Stored entries:
_____

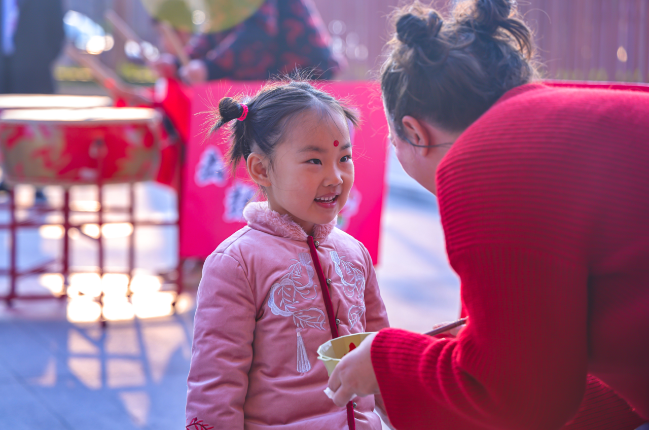 老师用朱砂在孩子们的眉心轻轻点上红点,寓意开启智慧,眼明心亮。孩子们感受到这独特的祝福。
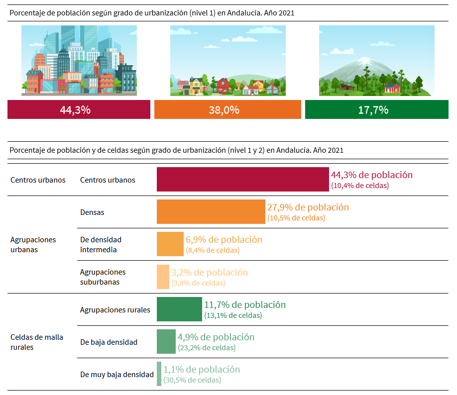 El Instituto de Estadística y Cartografía de Andalucía (IECA) publica la Clasificación del Grado de Urbanización del territorio andaluz a 1 de enero del año 2021. Esta clasificación trata de caracterizar la intensidad del asentamiento de la población en la Andalucía habitada. A partir de la densidad de población, se definen distintas categorías de áreas basándose en criterios de contigüidad geográfica, densidad y umbrales de población, medidas en malla estadística de celdas o cuadrículas de 250 m x 250 m, siguiendo los estándares europeos para la armonización de mallas estadísticas e integrada en la malla estadística de 1 km x 1 km establecida por Eurostat1. A partir de la malla europea se definen tres niveles primarios de densidad: centros urbanos, agrupaciones urbanas y celdas de malla rurales.
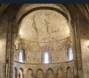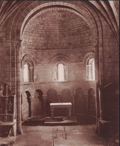 Dos impostas dividen el interior del ábside: una a la altura de la base de las ventanas. En la sección inferior hay diez arcos ciegos de medio punto con arquivoltas de baquetón. En la superior hay tres ventanas de medio punto y una imposta ajedrezada de la que nace en un tercer tramo la bóveda.
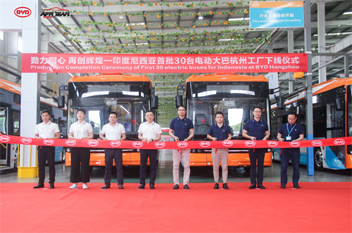 印度尼西亚首批30台比亚迪纯电动大巴于杭州工厂下线
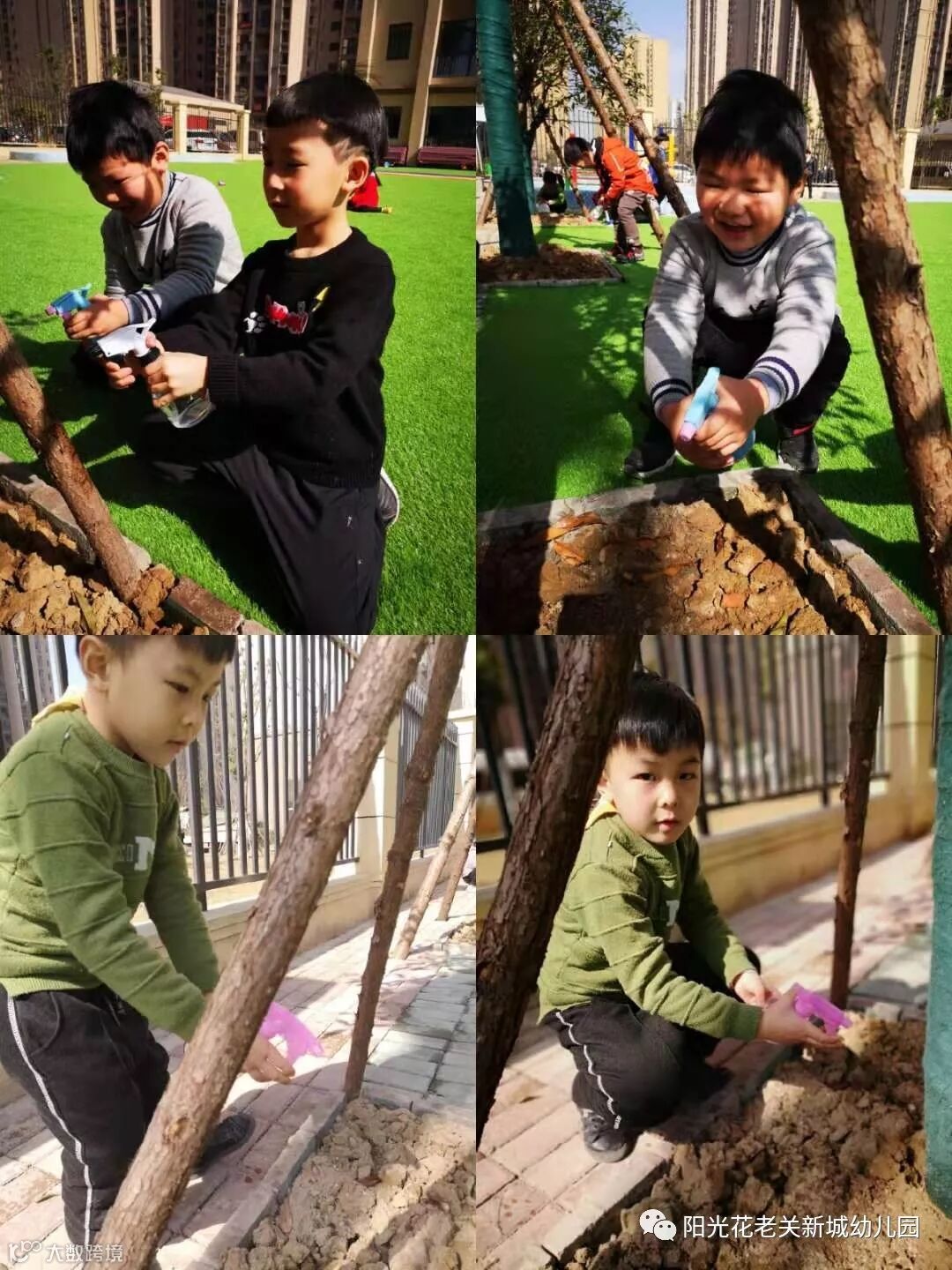 “小树,小树,我要给你最好的养分!”宝贝们都拿起水壶给小树浇水啦!
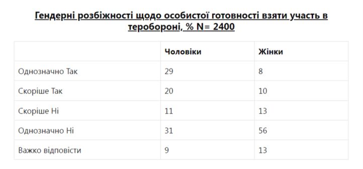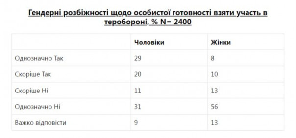 «В ответах мужчин и женщин на этот вопрос зафиксированы определенные разногласия: половина мужчин (50%) поддерживают этот шаг и еще треть против. В то же время среди женщин 40% выступают за создание войск территориальной обороны и 28% – против. Доля тех, кто не определился, среди женщин почти вдвое выше», — отметили в UIF.
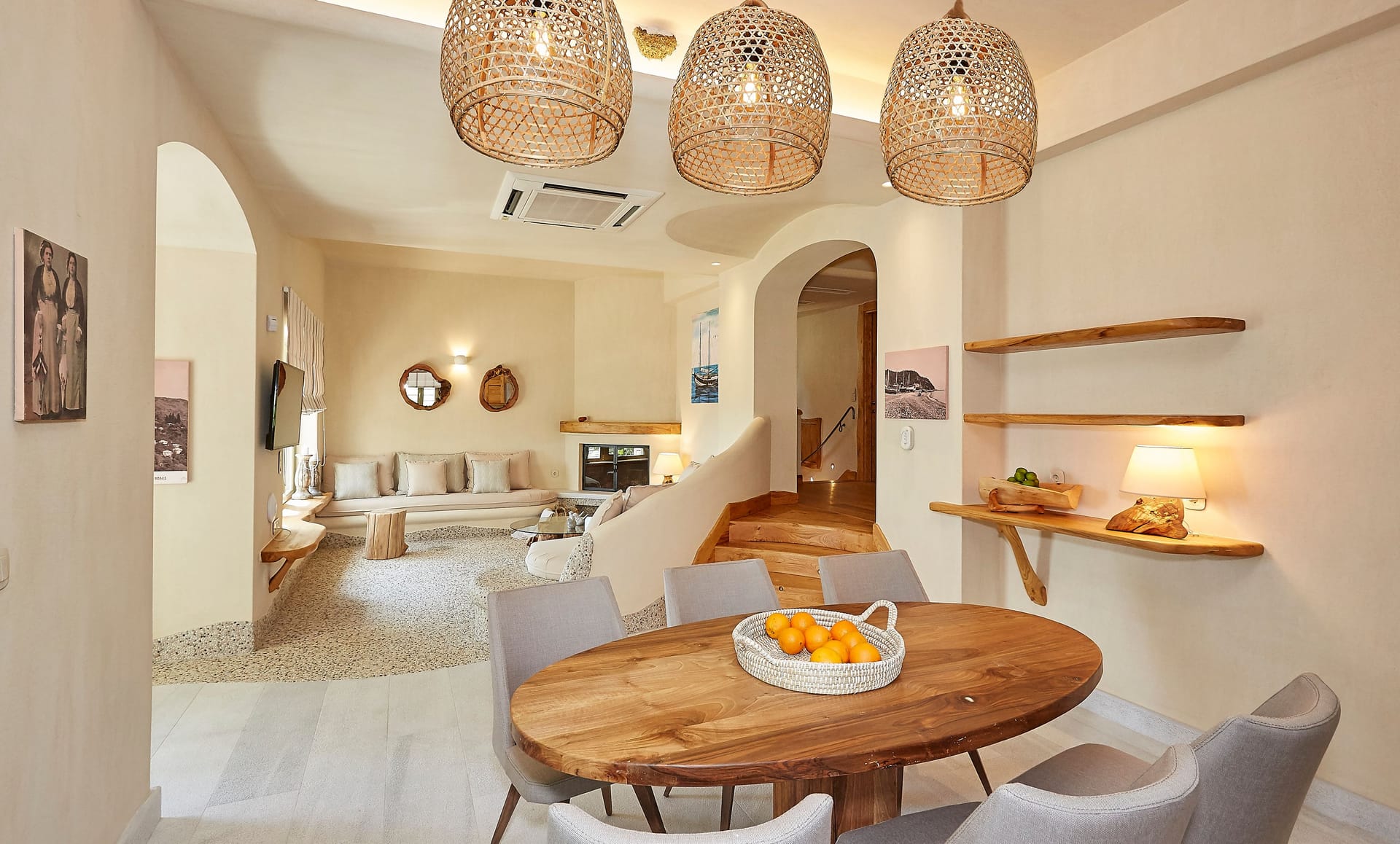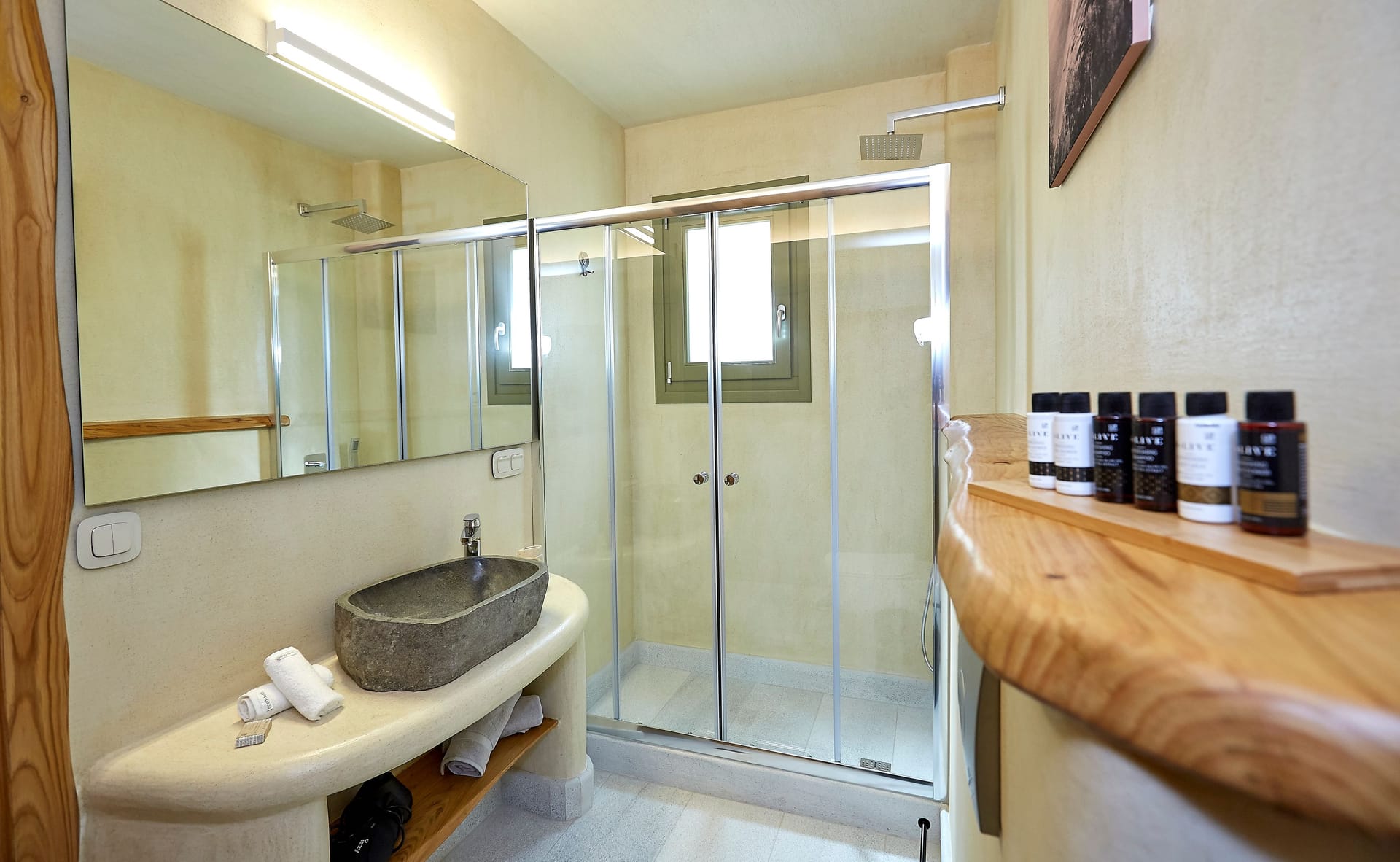 Amneris Villa is the largest Villa of the complex as it occupies 190sqm, it has four bedrooms with en-suite bathrooms and it can accommodate up to 8 people. It is features spacious rooms, delicate luxury and exceptional amenities that will offer you unique moments of comfort, relaxation and wellness.
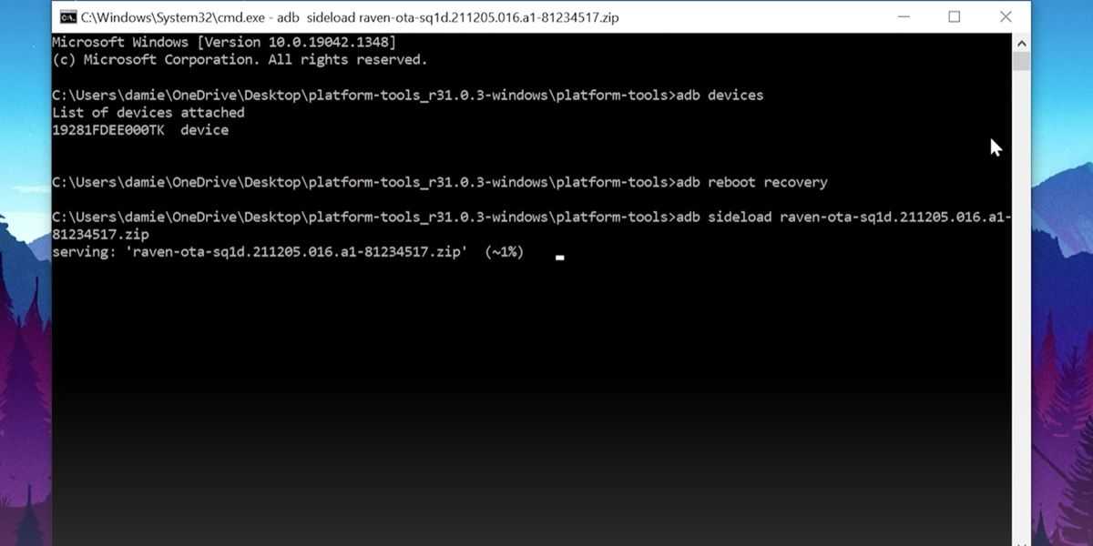 Далее вам нужно будет ввести точное имя файла OTA-обновления который вы загрузили из репозитория Google, и нажмите Enter, чтобы начать обновление вашего пикселя.

_____

Task brief
The output is the data above, repeated exactly, with pictures omitted.

Output of the task
 老师用朱砂在孩子们的眉心轻轻点上红点,寓意开启智慧,眼明心亮。孩子们感受到这独特的祝福。
 El Instituto de Estadística y Cartografía de Andalucía (IECA) publica la Clasificación del Grado de Urbanización del territorio andaluz a 1 de enero del año 2021. Esta clasificación trata de caracterizar la intensidad del asentamiento de la población en la Andalucía habitada. A partir de la densidad de población, se definen distintas categorías de áreas basándose en criterios de contigüidad geográfica, densidad y umbrales de población, medidas en malla estadística de celdas o cuadrículas de 250 m x 250 m, siguiendo los estándares europeos para la armonización de mallas estadísticas e integrada en la malla estadística de 1 km x 1 km establecida por Eurostat1. A partir de la malla europea se definen tres niveles primarios de densidad: centros urbanos, agrupaciones urbanas y celdas de malla rurales.
 Dos impostas dividen el interior del ábside: una a la altura de la base de las ventanas. En la sección inferior hay diez arcos ciegos de medio punto con arquivoltas de baquetón. En la superior hay tres ventanas de medio punto y una imposta ajedrezada de la que nace en un tercer tramo la bóveda.
 印度尼西亚首批30台比亚迪纯电动大巴于杭州工厂下线
 “小树,小树,我要给你最好的养分!”宝贝们都拿起水壶给小树浇水啦!
 «В ответах мужчин и женщин на этот вопрос зафиксированы определенные разногласия: половина мужчин (50%) поддерживают этот шаг и еще треть против. В то же время среди женщин 40% выступают за создание войск территориальной обороны и 28% – против. Доля тех, кто не определился, среди женщин почти вдвое выше», — отметили в UIF.
 Amneris Villa is the largest Villa of the complex as it occupies 190sqm, it has four bedrooms with en-suite bathrooms and it can accommodate up to 8 people. It is features spacious rooms, delicate luxury and exceptional amenities that will offer you unique moments of comfort, relaxation and wellness.
 Далее вам нужно будет ввести точное имя файла OTA-обновления который вы загрузили из репозитория Google, и нажмите Enter, чтобы начать обновление вашего пикселя.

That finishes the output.